The previous post highlighted some salient problems for the causal–mechanistic paradigm we sketched out. Here, we'll expand on this with some plausible future scenarios that further weaken the paradigm's reliability in safety applications.
We first briefly refine our critique and outline the scenario progression.
We contend that the causal–mechanistic paradigm in AI safety research makes two implicit assertions:[1]
If these assertions hold, we will be able to reliably uncover structural properties that lead to misaligned behavior, and create either (i) new model architectures or training regimes that do not possess those properties, (ii) low-level interventions that address those properties in existing systems, or (iii) high-level interventions that take advantage of stable low-level properties.
We believe scenarios in the near or medium-term future will challenge these assertions, primarily owing to dangerous reconfiguration.
Here's a brief summary. A more complete table is given in the appendix.
We see the above list as showing a rough scale from relatively limited to very radical modification of the architectures and structures underlying AI systems, such that the AI system evades mechanistic interventions humans have created. From the point of view of MoSSAIC (i.e., management of AI risks in a substrate-sensitive manner), we think that there is a significant theme underlying all of these, namely that of the flexibility of an intelligent system with respect to its substrates.
We provisionally define a substrate as the (programmable) environment in which a system is implemented. In other words, it is the essential context that enables an algorithm to be implemented beyond the whiteboard.[3]
As a useful reference point that is already established in the literature—and without committing ourselves to the strict level separation it proposes—we cite David Marr's three levels of analysis.
Marr (1982) defines three levels on which an information processing system can be analyzed. We'll explain these via his example of a cash register.
We position "substrate" as capturing both the algorithmic and implementation levels. As an example from the AI domain, an LLM performs the task of next token prediction at the computational level, this is implemented on the transformer architecture consisting of attention and MLP layers (algorithmic substrate), which are implemented in a physical substrate of computational hardware.[4]

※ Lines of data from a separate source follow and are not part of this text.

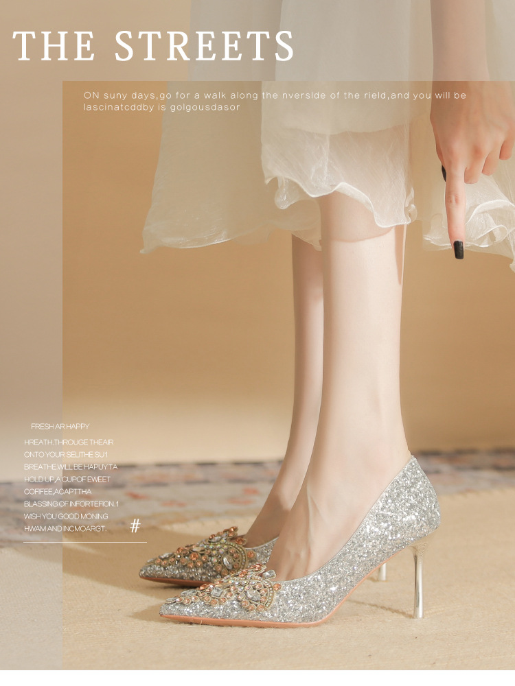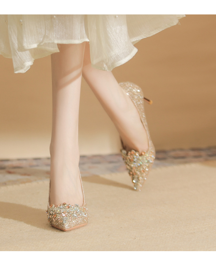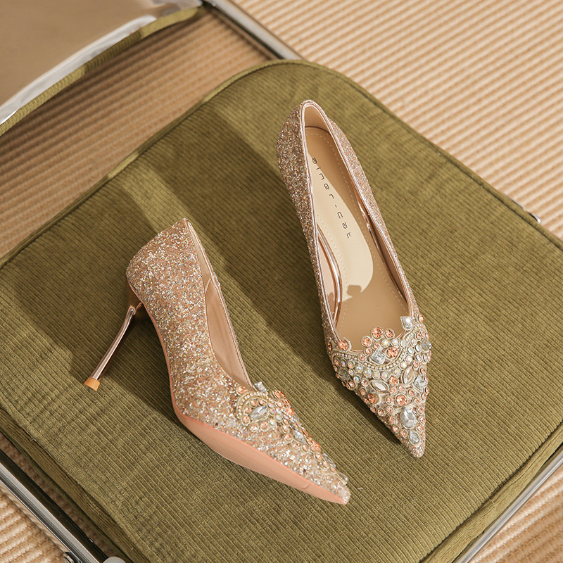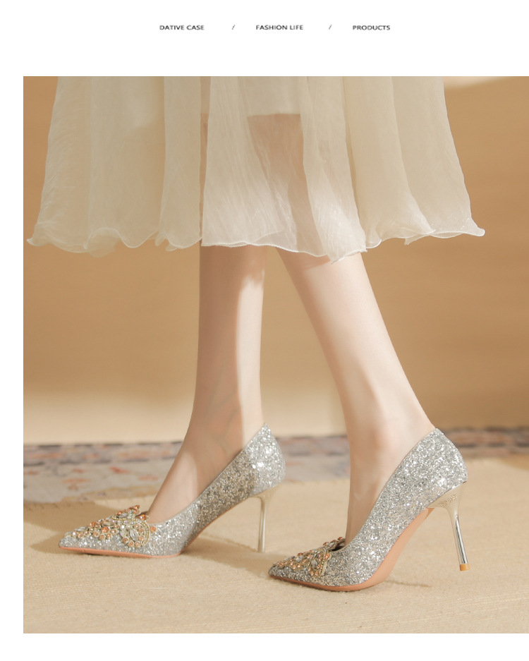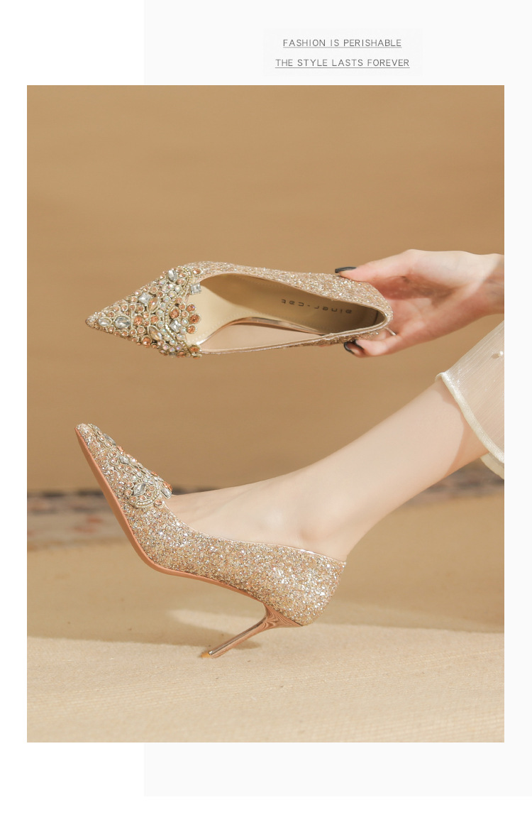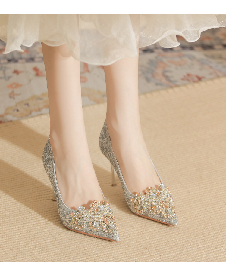 Đôi giày này có phần gót thon, mũi nhọn và cổ thấp, rất phù hợp cho các dịp đặc biệt. Bề mặt giày được trang trí bằng những hạt pha lê lấp lánh và miếng ánh sáng nhỏ, tạo nên vẻ đẹp tinh tế. Kiểu dáng thanh lịch, dễ dàng kết hợp với nhiều loại trang phục khác nhau. Khi sử dụng, bạn nên chọn kích cỡ vừa vặn và hạn chế tiếp xúc với nước để giữ giày được bền đẹp. | Tên sản phẩm: Giày Cao Gót Nữ Gắn Đá Mũi Nhọn Gót Nhọn Hàng Mùa Xuân Thu Đông Dùng Trong Lễ Cưới - Giày Dép Nữ | Mã sản phẩm: A1226 - Giá: 890.000đ | Mã nhà sản xuất: HUDS-G03Hình ảnh sản phẩm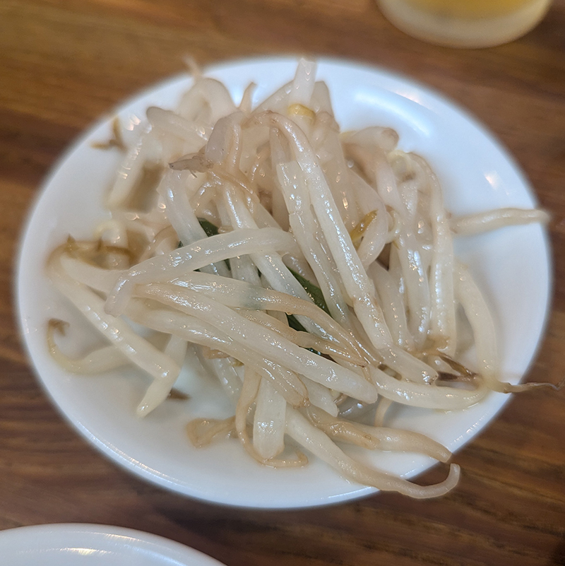 遅ればせながらお通しのもやしが。錦糸町店では餃子3枚以上に付くがこちらではお通しとして提供される。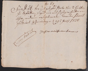 "Catzenelnbogen", 1738, zwei versch. hs. Botenlohnquittungen, u.a. vom "Bott von Nastett"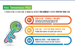 프로그램 구축, ③아동들에게 안전하고 멀티숍과 같이 활용 가능한 아동맞춤형 돌봄교실환경 개선의 아이디어 컨셉을 도출하였다.

We illustrate our characterization by pointing out several well-known examples of substrate differences:
Game of Life
As an (non-AI) example, Conway's Game of Life and von Neumann architectures can both be used to implement Turing machines. As such, both are in principle capable of executing any computer algorithm. However, a deeper understanding of some complex application running on Conway's Game of Life would not help us debug or optimize the same application designed to run on a conventional computer. In this case, the differences between the substrates render cross-domain knowledge transfer difficult.[5]
Quantum vs Classical Computing
A further example, that demonstrates just how differences in substrate matter, is the selective advantages of quantum computing over its classical counterpart.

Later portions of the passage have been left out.